Let $M$ be a von Neumann algebra and $a,b\in M$. Suppose $a\geq b$, then we have $R_a\geq R_b$, where $R_a$ is the range projection of $a$ and $R_b$ is the range projection of $b$.
According to the definition of $R_b$, $R_b$ is the smallest projection such that $R_b b=b$. If we prove that $R_ab=b$, then we can conclude that $R_a\geq R_b$.
My question is that how to deduce that $R_ab=b$?
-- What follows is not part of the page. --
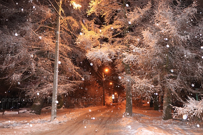 Русская природа зимой, ночной рождественский фон. После снегопада ветки деревьев покрыты снегом и сверкают на солнце, в сильный мороз и низкие температуры. Это красивый зимний баннер, новогодняя открытка, избирательный фокус

Assuming that $a$ and $b$ are positive elements with $a\geq b$, then, for every $n\in {\mathbb N}$, we have that $$ c_n:= (1-a^{1/n})b^{1/2} \quad {\buildrel n\to 0 \over \longrightarrow} \quad 0, $$ because $$ c_nc_n^* = (1-a^{1/n})b(1-a^{1/n}) \leq (1-a^{1/n})a(1-a^{1/n}) \to 0. $$ Therefore $$ a^{1/n}b^{1/2} \to b^{1/2}. $$ Denoting by $\bar R(x)$ the closure of the range of an operator $x$, and observing that $\bar R(a^{1/n}) = \bar R(a)$, we deduce from the above that $$ \bar R(b^{1/2}) \subseteq \bar R(a), $$ but since $\bar R(b^{1/2}) = \bar R(b)$, we get $\bar R(b)\subseteq \bar R(a)$, whence the conclusion.